[Source data]
>>

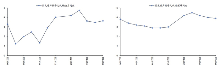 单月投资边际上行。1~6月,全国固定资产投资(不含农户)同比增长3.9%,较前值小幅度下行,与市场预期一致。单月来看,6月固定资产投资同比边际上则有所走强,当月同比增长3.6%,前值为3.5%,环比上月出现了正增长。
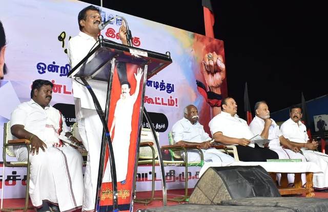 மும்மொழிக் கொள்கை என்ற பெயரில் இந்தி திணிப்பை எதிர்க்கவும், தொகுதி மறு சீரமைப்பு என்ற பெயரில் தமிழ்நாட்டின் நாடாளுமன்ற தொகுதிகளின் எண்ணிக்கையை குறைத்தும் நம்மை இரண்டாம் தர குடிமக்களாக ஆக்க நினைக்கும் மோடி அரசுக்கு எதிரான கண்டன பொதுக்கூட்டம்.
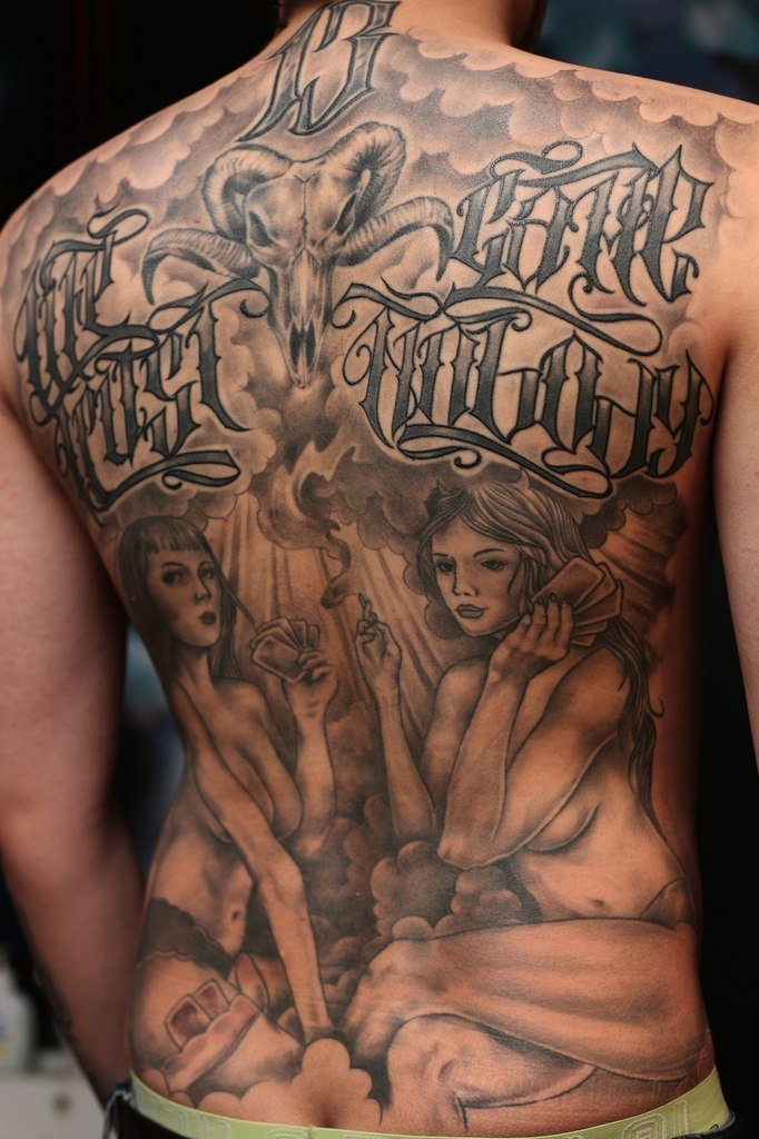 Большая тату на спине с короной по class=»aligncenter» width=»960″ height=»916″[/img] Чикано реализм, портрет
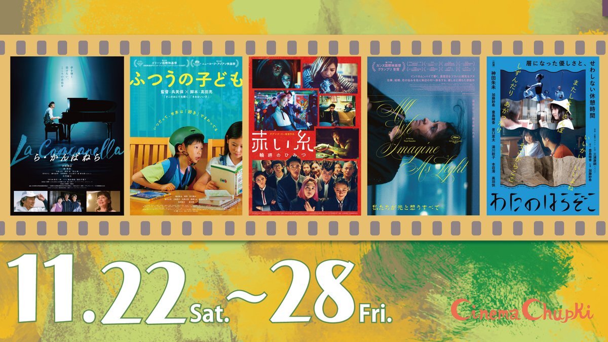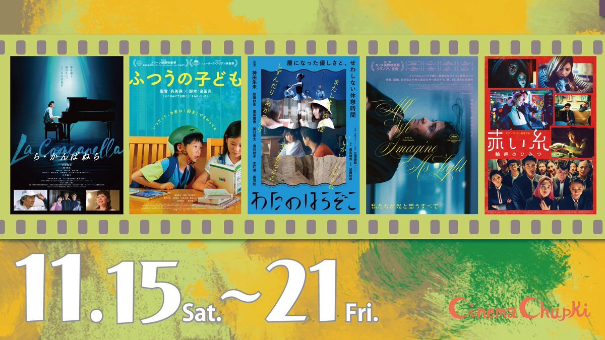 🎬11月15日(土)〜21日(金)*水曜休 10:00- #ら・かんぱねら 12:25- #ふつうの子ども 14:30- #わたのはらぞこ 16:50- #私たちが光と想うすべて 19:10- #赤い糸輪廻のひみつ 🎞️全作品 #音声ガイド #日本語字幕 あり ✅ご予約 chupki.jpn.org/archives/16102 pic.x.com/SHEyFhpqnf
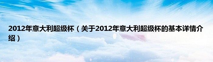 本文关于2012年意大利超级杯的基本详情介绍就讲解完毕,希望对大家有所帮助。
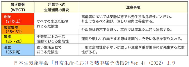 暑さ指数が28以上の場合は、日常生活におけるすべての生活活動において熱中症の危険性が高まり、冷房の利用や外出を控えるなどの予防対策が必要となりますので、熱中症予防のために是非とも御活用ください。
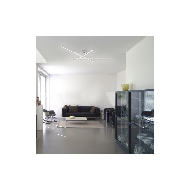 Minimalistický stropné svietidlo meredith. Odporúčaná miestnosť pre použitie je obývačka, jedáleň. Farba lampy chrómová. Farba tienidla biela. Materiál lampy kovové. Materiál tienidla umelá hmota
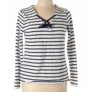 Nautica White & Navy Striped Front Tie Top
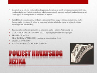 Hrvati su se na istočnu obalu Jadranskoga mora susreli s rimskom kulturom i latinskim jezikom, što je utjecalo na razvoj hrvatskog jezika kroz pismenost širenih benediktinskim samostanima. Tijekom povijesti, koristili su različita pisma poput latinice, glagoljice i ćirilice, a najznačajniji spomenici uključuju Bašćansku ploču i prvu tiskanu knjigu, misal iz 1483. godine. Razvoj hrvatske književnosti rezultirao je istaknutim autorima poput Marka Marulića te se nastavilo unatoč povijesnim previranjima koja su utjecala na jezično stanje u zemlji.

<<

**PROBLEM TO WORK ON:** What is needed is an exact restatement of every line from the one containing "Nautica White & Navy Striped Front Tie Top" through the last line of the records, pictures left out.

**RESPONSE TO THE EXERCISE:**
 Nautica White & Navy Striped Front Tie Top
 Hrvati su se na istočnu obalu Jadranskoga mora susreli s rimskom kulturom i latinskim jezikom, što je utjecalo na razvoj hrvatskog jezika kroz pismenost širenih benediktinskim samostanima. Tijekom povijesti, koristili su različita pisma poput latinice, glagoljice i ćirilice, a najznačajniji spomenici uključuju Bašćansku ploču i prvu tiskanu knjigu, misal iz 1483. godine. Razvoj hrvatske književnosti rezultirao je istaknutim autorima poput Marka Marulića te se nastavilo unatoč povijesnim previranjima koja su utjecala na jezično stanje u zemlji.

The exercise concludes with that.